BOROUGE-
Adnoc petrochemicals JV Borouge reported net income of USD 294.5 mn in 3Q 2025, down 10.1% y-o-y, but up 52% q-o-q, according to its financials (pdf) and a separate earnings release (pdf). Revenues also fell 9.5% y-o-y to USD 1.4 bn due to lower benchmark prices.
Quarterly growth was fueled by record production following the completion of the planned Borouge 3 plant turnaround in 2Q 2025 — a scheduled maintenance program that temporarily reduced output earlier in the year. Robust sales volumes, up 19% q-o-q to 1.4 mn tons, also buoyed results along with strong pricing.
Nine-month performance: Net income dropped 15.4% y-o-y to USD 768.8 mn for 9M 2025, while revenues declined to USD 4.2 bn, down 5.3% y-o-y, reflecting lower pricing.
Looking ahead: Borouge reaffirmed its FY 2025 dividend guidance at 16.2 fils per share, with 2H payouts expected in April 2026. The Borouge 4 expansion project — now over 90% complete — is expected to add 1.4 mn tons of annual capacity once operational.
MULTIPLY GROUP-
Multiply Group reported a 162% y-o-y rise in net income to AED 1.9 bn in 3Q 2025, according to its financials (pdf) and a separate earnings release (pdf). Revenues more than doubled y-o-y to AED 1.2 bn. Results were driven by the consolidation of Spanish fashion retailer Tendam — in which it acquired a 67.91% stake at the start of the year — organic growth across operating verticals, and the sale of its district cooling arm PAL Cooling, which boosted results by AED 2.7 bn.
On a nine-month basis, net income stood at AED 2.7 bn — a 7.3% rise y-o-y. Revenues doubled to AED 2.2 bn from AED 1.1 bn in the same period last year.
PHOENIX-
Abu Dhabi-based Phoenix Group posted a net loss of USD 46.4 mn in 3Q 2025, compared to income of USD 47.6 mn a year earlier, as it saw a USD 48.5 mn noncash impairment on its South Carolina sites, according to its financials (pdf) and a separate earnings release (pdf). Revenues dipped 11% y-o-y to USD 31.9 mn. Still, hosting activity improved and self-mining activity increased 6% y-o-y, and margins climbing to 46%.
On a nine-month basis, Phoenix reported a net loss of USD 229.1 mn versus USD 169.8 mn in income a year before, as the firm saw higher overall costs during the period and revenues fell 40.9% y-o-y to USD 92.3 mn.

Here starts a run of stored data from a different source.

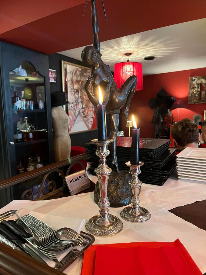 Le restaurant dispose d'une terrasse extérieure l été et un chalet devant en hiver. Notre carte évolue au grès des saisons et change tout les trois mois, avec des suggestions de temps à autres ..... Le restaurant est d une ambiance chalhereuse et sur le thème du cabaret Parisien, car nous avons beaucoup bourlinguer à Montmartre ..... Nous étions très proche de Michou. au plaisir de vous recevoir 🥂🥂🥂🥂🥂
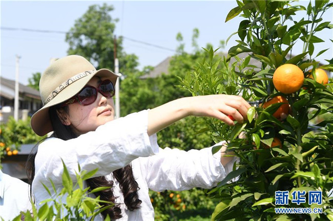 4月29日,在重慶忠縣“三峽橘鄉(xiāng)”田園綜合體內(nèi),游客在果園內(nèi)采摘。新華社記者 唐奕 攝
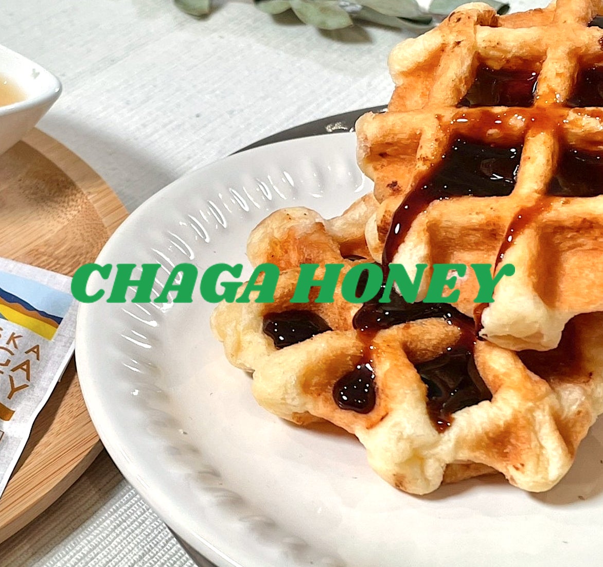 アラスカ産、非加熱・非加糖・酵素が生きたままの「生はちみつ」と近年高い健康効果が明らかになっている貴重なキノコ「チャーガ」を混ぜたチャーガはちみつ。
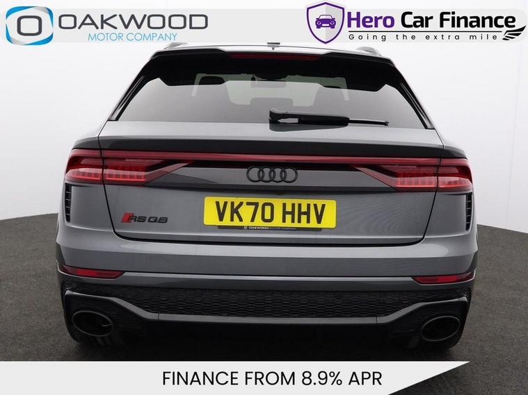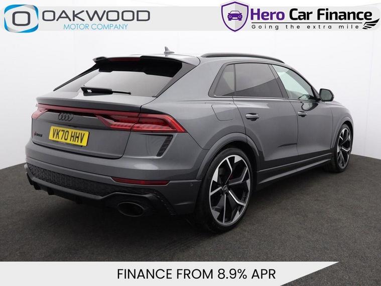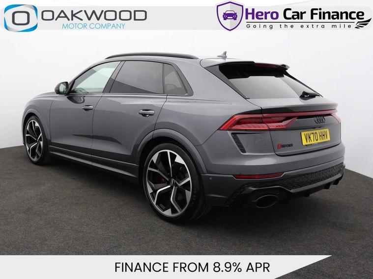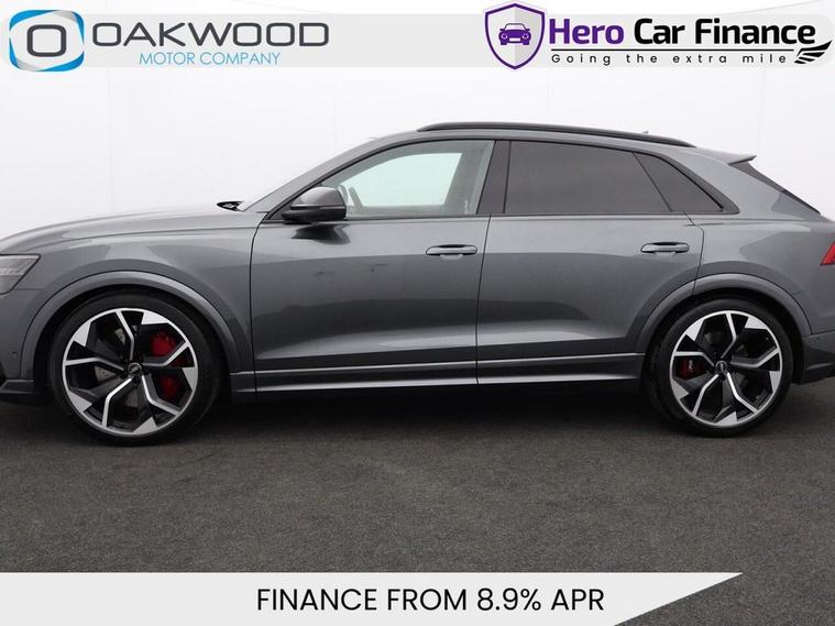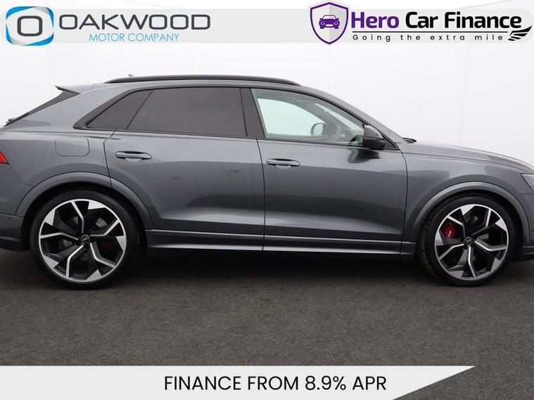 Oakwood Motor Company are delighted to offer this exceptional Audi RSQ8 4.0 TFSI V8 Vorsprung SUV, finished in the striking Daytona Grey. Boasting a full Audi service history, this high-performance SUV combines exhilarating power with cutting-edge technology and luxurious comfort. The exterior is enhanced by 23-inch 5-Y-Spoke Rotor Design alloy wheels in Gloss Anthracite Black with a Diamond Finish, black roof rails, carbon door mirrors, RS-specific styling, and a Titanium Black Styling Pack. The RS Sport Exhaust System, RS Adaptive Air Suspension, and quattro All-Wheel Drive with Sport Differential ensure an outstanding driving experience. Inside, the RS Front Super Sport Seats in perforated Valcona leather with RS embossing provide supreme comfort with seat ventilation, a massage function, and memory settings. Additional highlights include a panoramic glass sunroof, extended LED interior lighting, black Alcantara headlining, and power-operated doors with soft-close functionality. Technology is at the heart of this RSQ8, featuring Audi's Virtual Cockpit, MMI Navigation Plus, Audi Phone Box with wireless charging, and the premium Comfort and Sound Package. A host of advanced driver assistance systems, including Adaptive Cruise Assist, Audi Side Assist, a 360-degree camera, Park Assist, a Head-Up Display, and Audi Pre-Sense, ensure both convenience and safety. Completing this exceptional package are All-Wheel Steering, RS Steel Brakes with black calipers, and RS Coming-Leaving Home animations for a truly distinctive presence. Call our team today to arrange your viewing or test drive!
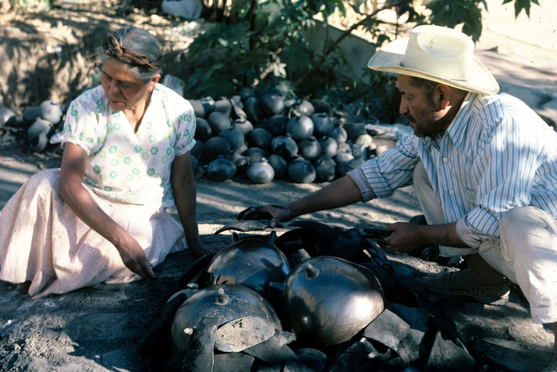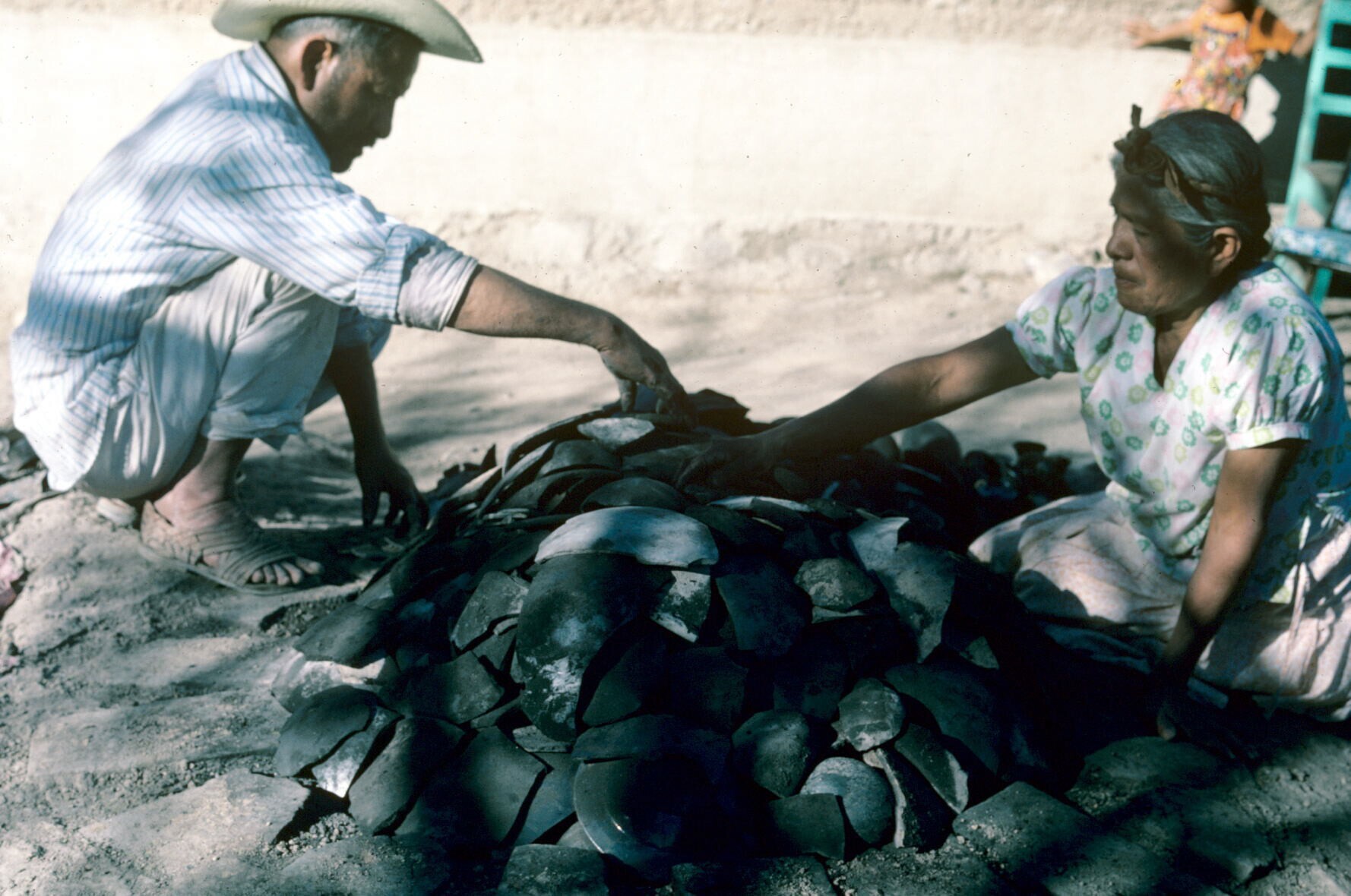 man van pottenbakster Juana Domínguez, vóór het bakk...
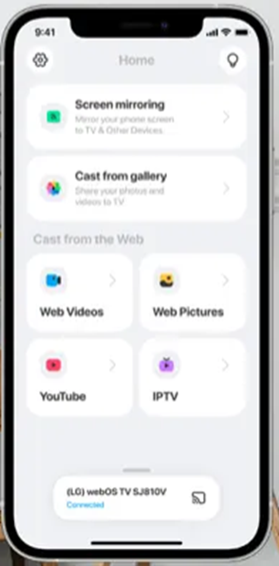 - Para transmitir desde tu celular a la TV, simplemente toca “Screen Mirroring” y selecciona tu TV. Así se establecerá la conexión entre ambos dispositivos.

Looking ahead, the company said it expects to add 62 MW of new capacity in Ethiopia in 4Q 2025 and another 44 MW across North America by 1Q 2026, which will double self-mining capacity to 13 EH/s.
BINGHATTI-
Dubai real estate developer Binghatti Holding doubled its net income to AED 839 mn in 3Q 2025, according to its financials (pdf) and a separate earnings release (pdf). Its top line rose 67% y-o-y to AED 2.6 bn, while sales grew 79% y-o-y to AED 3.5 bn.
Over the nine-month period, the company’s revenues almost tripled y-o-y to AED 9 bn. Net income came in at AED 2.6 bn — a 145% increase from the previous year. Robust sales momentum, ahead-of-time project handovers, and strong performance from its mainstream and premium mainstream options drove the results. Non-resident investors made up 60% of total sales.
In the pipeline: Binghatti’s total assets grew 73% y-o-y to AED 22 bn, driven by project expansion and pipeline growth. The company has 27 projects currently under development — up 29% y-o-y — set to offer over 20k residential units with a combined GDV of AED 44 bn. Its pipeline also includes 11 new projects, with over 18k units planned to launch.
DUBAI AEROSPACE ENTERPRISE-
Dubai Aerospace Enterprise (DAE) saw its bottom line grow 82.3% y-o-y to USD 566.7 mn in 9M 2025, which management attributed to stronger operating performance and ins.-related recoveries, according to an earnings release (pdf). The firm’s revenues increased 25.6% y-o-y to USD 1.3 bn during the same period, driven largely by higher lease revenues from newly acquired aircraft. The firm acquired 249 owned aircraft during the period.
NATIONAL BANK OF FUJAIRAH-
The National Bank of Fujairah reported a net income AED 320 mn in 3Q 2025, a 52.9% increase y-o-y from the previous year, according to its financials (pdf) and a separate earnings release (pdf). Operating income for the quarter came in at AED 662 mn — up 6.2% compared to the same period last year.
During the nine months period, the company saw a net income of AED 945.4 mn, a 45.4% increase y-o-y, while its operating income saw a 10.6% uptick to AED 2 bn. Results were underpinned by robust business growth, strong asset management, and reduced impairment provisions.